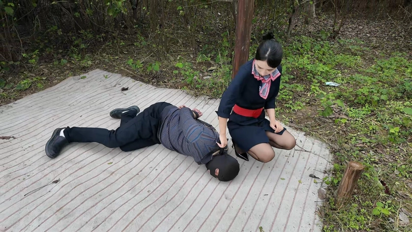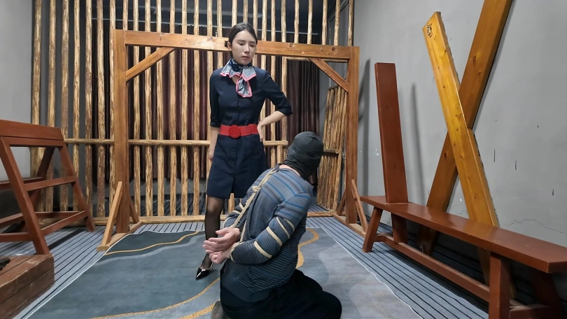 女侦探十一化妆成空姐,抓捕逃犯,在树林里发现逃犯张三在树后面躲藏,抓捕后五花大绑,押解到刑房审讯,皮鞭,高跟鞋,骑脖子,耳光、各种羞辱惩罚不断,最后押解到刑场执行枪决
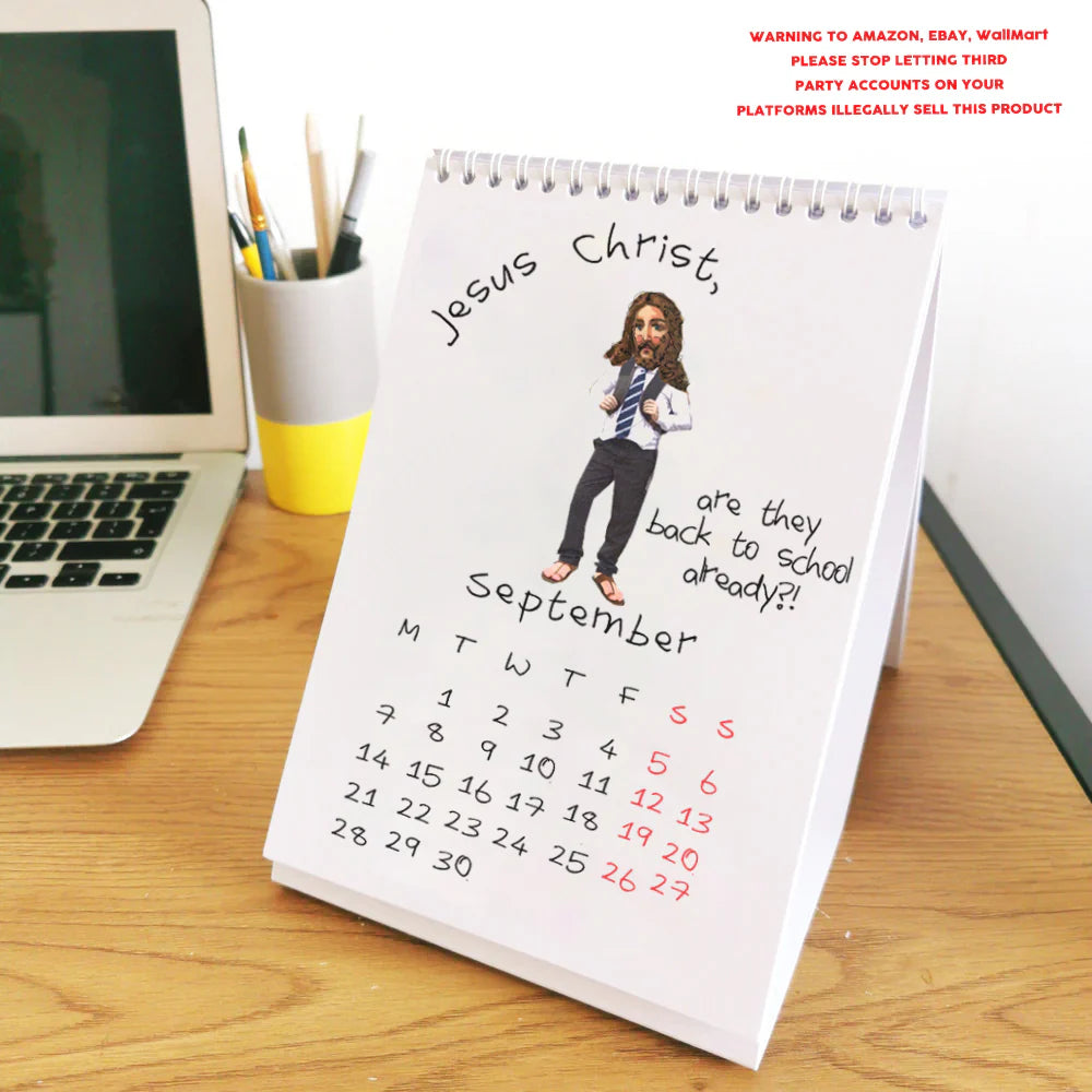 This A5 desktop calendar displays the original Jesus designs that were in Weirdwatercolours 2024 viral Jesus Christ What A Year Calendar.
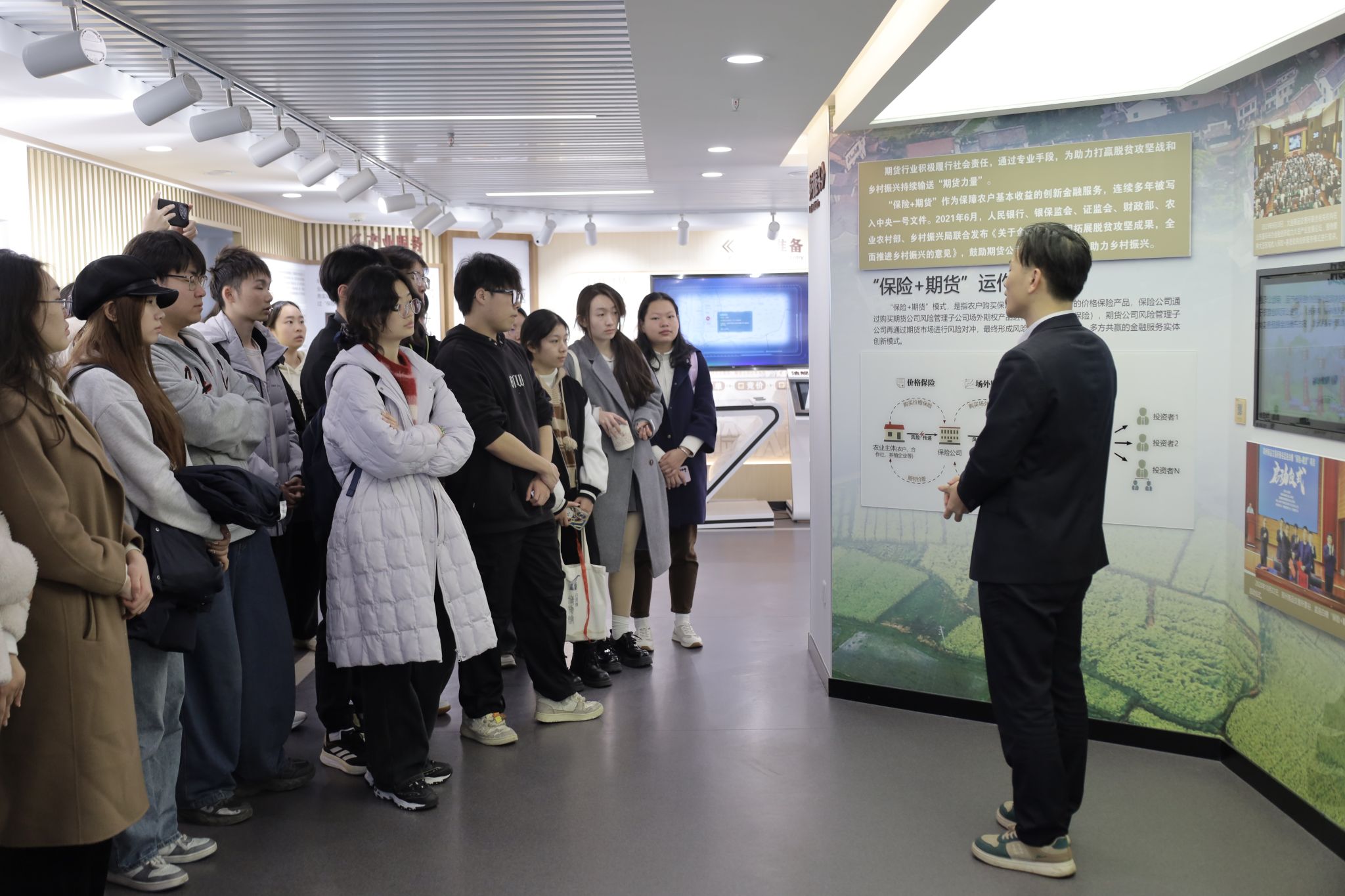 在中信建投期货投教基地的讲解老师刘帅康带领下,全体同学参观名企内部共八个功能区域——渝时俱进,展现期货发展历史;渝道正源,普及解读金融知识;渝富兴邦,融合服务实体与财富管理;渝警杜渐,揭示金融理财潜在风险;渝教于乐,互动体验期货魅力;渝新普惠,多样化展示投教产品;渝云博学,交流分享投资理念;意见征集,集思广益改进服务水品。
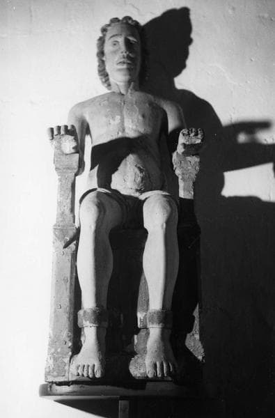 9 statues : Christ en croix, saint Pierre, saint Michel, saint Jean-Baptiste, saint Roch, saint Quentin, saint Hubert, saint Laurent, sainte Catherine
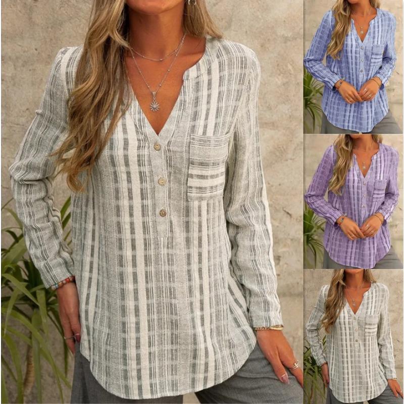 Women Shirts Fashion 2025 Spring Autumn Style Blouses Lady Casual Long Sleeve V-Neck Striped Printed Pockets Casual Loose Tops

* * * * *

**DIRECTIONS**
Could the material above be given again exactly, pictures excluded?

**PROBLEM SOLUTION**
 女侦探十一化妆成空姐,抓捕逃犯,在树林里发现逃犯张三在树后面躲藏,抓捕后五花大绑,押解到刑房审讯,皮鞭,高跟鞋,骑脖子,耳光、各种羞辱惩罚不断,最后押解到刑场执行枪决
 This A5 desktop calendar displays the original Jesus designs that were in Weirdwatercolours 2024 viral Jesus Christ What A Year Calendar.
 在中信建投期货投教基地的讲解老师刘帅康带领下,全体同学参观名企内部共八个功能区域——渝时俱进,展现期货发展历史;渝道正源,普及解读金融知识;渝富兴邦,融合服务实体与财富管理;渝警杜渐,揭示金融理财潜在风险;渝教于乐,互动体验期货魅力;渝新普惠,多样化展示投教产品;渝云博学,交流分享投资理念;意见征集,集思广益改进服务水品。
 9 statues : Christ en croix, saint Pierre, saint Michel, saint Jean-Baptiste, saint Roch, saint Quentin, saint Hubert, saint Laurent, sainte Catherine
 Women Shirts Fashion 2025 Spring Autumn Style Blouses Lady Casual Long Sleeve V-Neck Striped Printed Pockets Casual Loose Tops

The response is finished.